Entries follow. Give back exactly the lines starting at the one containing "De foto’s zijn" and ending at the one containing "Suéter feminino de", and no other lines.

-------- SUPPLIED DATA --------

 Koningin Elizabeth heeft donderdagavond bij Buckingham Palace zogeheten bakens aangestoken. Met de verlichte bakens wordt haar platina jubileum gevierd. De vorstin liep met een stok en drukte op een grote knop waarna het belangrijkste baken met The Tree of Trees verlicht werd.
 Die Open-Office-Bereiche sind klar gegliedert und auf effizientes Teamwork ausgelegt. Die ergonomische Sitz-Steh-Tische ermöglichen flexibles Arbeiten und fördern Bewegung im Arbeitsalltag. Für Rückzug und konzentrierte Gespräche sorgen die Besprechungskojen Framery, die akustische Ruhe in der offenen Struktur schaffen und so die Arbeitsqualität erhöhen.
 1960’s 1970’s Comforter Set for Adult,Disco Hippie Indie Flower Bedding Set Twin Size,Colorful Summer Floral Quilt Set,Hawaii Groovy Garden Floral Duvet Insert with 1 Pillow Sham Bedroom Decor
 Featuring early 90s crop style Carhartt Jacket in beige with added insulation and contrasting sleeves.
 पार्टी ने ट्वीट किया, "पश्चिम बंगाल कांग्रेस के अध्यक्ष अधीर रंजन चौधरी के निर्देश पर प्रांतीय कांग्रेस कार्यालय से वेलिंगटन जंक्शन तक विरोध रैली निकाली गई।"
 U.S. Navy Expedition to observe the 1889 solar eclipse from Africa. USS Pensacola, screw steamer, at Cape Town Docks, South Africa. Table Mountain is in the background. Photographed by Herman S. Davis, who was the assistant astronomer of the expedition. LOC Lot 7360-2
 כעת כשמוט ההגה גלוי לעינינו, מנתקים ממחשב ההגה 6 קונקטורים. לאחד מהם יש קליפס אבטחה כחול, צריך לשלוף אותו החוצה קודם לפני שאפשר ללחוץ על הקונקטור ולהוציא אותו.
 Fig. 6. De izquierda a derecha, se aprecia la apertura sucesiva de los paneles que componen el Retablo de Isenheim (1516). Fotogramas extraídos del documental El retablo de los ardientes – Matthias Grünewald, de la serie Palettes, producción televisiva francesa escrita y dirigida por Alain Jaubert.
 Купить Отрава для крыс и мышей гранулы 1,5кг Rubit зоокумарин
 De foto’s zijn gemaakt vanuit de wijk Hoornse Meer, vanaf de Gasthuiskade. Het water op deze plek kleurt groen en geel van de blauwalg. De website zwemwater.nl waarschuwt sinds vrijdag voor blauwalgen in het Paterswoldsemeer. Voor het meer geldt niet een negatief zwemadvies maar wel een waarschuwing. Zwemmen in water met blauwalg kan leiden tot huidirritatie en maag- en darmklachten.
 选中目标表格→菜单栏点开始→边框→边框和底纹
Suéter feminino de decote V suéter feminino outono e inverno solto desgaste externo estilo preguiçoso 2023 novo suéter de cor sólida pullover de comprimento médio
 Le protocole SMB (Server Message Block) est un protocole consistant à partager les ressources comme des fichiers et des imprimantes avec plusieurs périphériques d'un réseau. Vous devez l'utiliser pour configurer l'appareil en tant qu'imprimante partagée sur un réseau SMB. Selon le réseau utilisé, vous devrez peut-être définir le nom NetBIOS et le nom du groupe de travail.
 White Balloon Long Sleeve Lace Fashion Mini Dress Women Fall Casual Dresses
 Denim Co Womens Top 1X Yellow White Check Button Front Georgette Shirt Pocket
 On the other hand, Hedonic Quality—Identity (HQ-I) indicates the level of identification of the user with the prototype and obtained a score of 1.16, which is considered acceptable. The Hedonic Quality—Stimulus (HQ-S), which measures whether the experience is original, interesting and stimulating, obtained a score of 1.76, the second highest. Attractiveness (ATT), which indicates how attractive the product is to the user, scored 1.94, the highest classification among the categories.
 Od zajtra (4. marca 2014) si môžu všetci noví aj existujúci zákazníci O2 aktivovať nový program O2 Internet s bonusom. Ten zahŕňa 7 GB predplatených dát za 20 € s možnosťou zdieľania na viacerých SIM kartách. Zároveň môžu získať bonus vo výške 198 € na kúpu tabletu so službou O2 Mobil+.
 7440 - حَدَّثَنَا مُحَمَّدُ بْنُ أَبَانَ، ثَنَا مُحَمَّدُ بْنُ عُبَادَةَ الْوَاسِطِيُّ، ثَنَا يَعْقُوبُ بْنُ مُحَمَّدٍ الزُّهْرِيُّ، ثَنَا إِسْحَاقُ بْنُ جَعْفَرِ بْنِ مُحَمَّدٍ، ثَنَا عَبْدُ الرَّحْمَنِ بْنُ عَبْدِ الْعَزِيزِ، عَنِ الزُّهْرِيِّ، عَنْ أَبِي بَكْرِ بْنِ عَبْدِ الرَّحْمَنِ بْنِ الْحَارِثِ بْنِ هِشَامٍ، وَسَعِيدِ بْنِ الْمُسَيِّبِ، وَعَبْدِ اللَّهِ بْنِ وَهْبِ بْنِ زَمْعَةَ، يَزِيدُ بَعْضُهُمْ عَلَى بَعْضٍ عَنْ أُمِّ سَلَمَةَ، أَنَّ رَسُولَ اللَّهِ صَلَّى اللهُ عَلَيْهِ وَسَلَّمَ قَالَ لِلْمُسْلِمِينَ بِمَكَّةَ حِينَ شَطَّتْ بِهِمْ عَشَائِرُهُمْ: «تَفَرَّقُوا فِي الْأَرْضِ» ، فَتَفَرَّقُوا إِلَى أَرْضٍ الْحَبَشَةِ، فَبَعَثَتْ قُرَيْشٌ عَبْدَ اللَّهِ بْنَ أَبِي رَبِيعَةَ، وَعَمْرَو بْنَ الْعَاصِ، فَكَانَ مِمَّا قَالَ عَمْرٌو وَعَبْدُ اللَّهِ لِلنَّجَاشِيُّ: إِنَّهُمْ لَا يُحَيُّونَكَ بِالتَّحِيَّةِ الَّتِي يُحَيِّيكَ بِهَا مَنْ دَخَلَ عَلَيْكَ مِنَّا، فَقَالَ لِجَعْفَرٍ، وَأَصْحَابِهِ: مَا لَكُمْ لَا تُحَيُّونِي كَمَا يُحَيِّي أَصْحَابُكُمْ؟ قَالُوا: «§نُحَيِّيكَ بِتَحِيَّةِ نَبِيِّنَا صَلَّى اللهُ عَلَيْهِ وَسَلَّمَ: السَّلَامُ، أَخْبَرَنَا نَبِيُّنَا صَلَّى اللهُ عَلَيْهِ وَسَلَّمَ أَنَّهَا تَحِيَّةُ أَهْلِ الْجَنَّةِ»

--------

### EXERCISE RESPONSE
 De foto’s zijn gemaakt vanuit de wijk Hoornse Meer, vanaf de Gasthuiskade. Het water op deze plek kleurt groen en geel van de blauwalg. De website zwemwater.nl waarschuwt sinds vrijdag voor blauwalgen in het Paterswoldsemeer. Voor het meer geldt niet een negatief zwemadvies maar wel een waarschuwing. Zwemmen in water met blauwalg kan leiden tot huidirritatie en maag- en darmklachten.
 选中目标表格→菜单栏点开始→边框→边框和底纹
Suéter feminino de decote V suéter feminino outono e inverno solto desgaste externo estilo preguiçoso 2023 novo suéter de cor sólida pullover de comprimento médio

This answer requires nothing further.